4. The method of claim 1, wherein the setting of the structural parameters of the deep neural network in (3b) is as follows:

embedding layer: an input dimension of 200 and an output dimension of 128;

first convolutional layer: the number of convolution kernels is 64, the size of the convolution kernels is 7, the sliding step length is 2, and the activation function is set to relu;

the first largest pooling layer, the size of a pooling window is 7, and the pooling step length is 2;

a second convolutional layer: the number of convolution kernels is 64, the size of the convolution kernels is 3, the sliding step length is 2, and the activation function is set to relu;

the second largest pooling layer, the size of the pooling window is 20, and the pooling step length is 1;

full connection layer: the activation function is set to relu;

softmax layer: the number of output classes is 8 classes.
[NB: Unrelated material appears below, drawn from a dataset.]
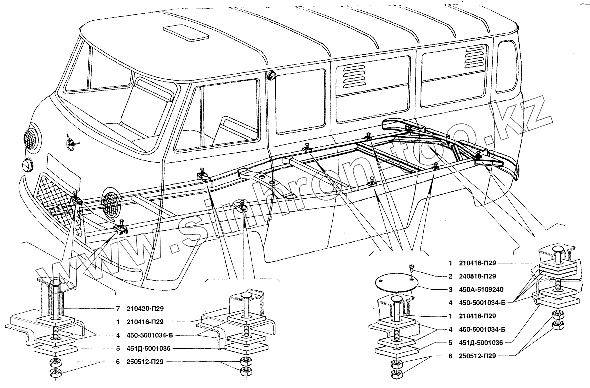 Каталог запасных частей к технике: УАЗ-37419. Подвеска кузова и кабины

5. The method of claim 1, wherein the deep neural network is trained in (3b) as follows:

(3b1) setting a loss function of the deep neural network as a cross entropy function Ceem, and setting target output threshold data R _i ；

(3b2) Each layer in the deep neural network model operates input training data to obtain output data E _i ，1≤i≤C；

(3b3) Computing output data E by Ceem function _i Target output data R given with DUTA training set _i And updating the parameters of the deep neural network by using an Adam optimization algorithm, and continuously reducing E _i And R _i The degree of deviation of (a);

(3b4) repeating the steps 3b1) -3 b3) for 1000 rounds of training, completing the optimization of the deep neural network parameters, and obtaining the multi-classification text category classifier.

6. The method of claim 1, wherein (4) the probability P that the hidden top of service page belongs to each of the C classes is calculated using a multi-class text class classifier _i ：

(4.1) carrying out the same pretreatment as the pretreatment of the (3a) on the hidden service home page obtained in the step (2) to obtain a test set word vector;

(4.1) using the test set word vector obtained after the processing of the step 4.1) as the input of a multi-classification text category classifier, and obtaining the ith output result z through the operation of the classifier _i I represents the number of text categories, i is more than or equal to 1 and less than or equal to C, and C represents the number of the text categories;

(4.1) operation result z according to the classifier _i Calculating the probability P that the hidden service home page respectively belongs to the ith category in the C categories _i ：

7. The method of claim 1, wherein the hidden service contents corresponding to all page embedded onion addresses in the website corresponding to each home page are collected in step (6) as follows:

(6a) compiling codes, and collecting hidden service contents corresponding to the onion addresses embedded in all pages in the website corresponding to the hidden service home page;

(6b) respectively acquiring a Ubuntu operating system image and a Tor image, configuring the Tor image and setting a network agent;

(6c) integrating and packaging the code written in the step (6a) and the Ubuntu operating system mirror image and the Tor mirror image to form a project mirror image;

(6d) creating a Docker configuration file, and specifying operations to be completed in the process of starting the project image to generate the container: running (6a) the written code;

(6e) starting the project mirror image, reading the established Docker configuration file, and finishing the set operation;

(6f) and (3) running the code compiled in the step (6a), and collecting hidden service contents corresponding to all page embedded onion addresses in the website corresponding to each home page obtained in the step (2) to obtain a hidden service content set.

8. The method of claim 1, wherein (8) parsing extracts all the embedded onion addresses in the hidden service content as follows:

(8a) reading hidden service content;

(8b) according to the format characteristics of the onion address: i.e. the prefix is http or https, the suffix is onion, between the prefix and the suffix, is a string of 16 letters or numbers, using a regular expression: and (3) performing regular matching on the read hidden service content to obtain all embedded onion addresses in the hidden service content.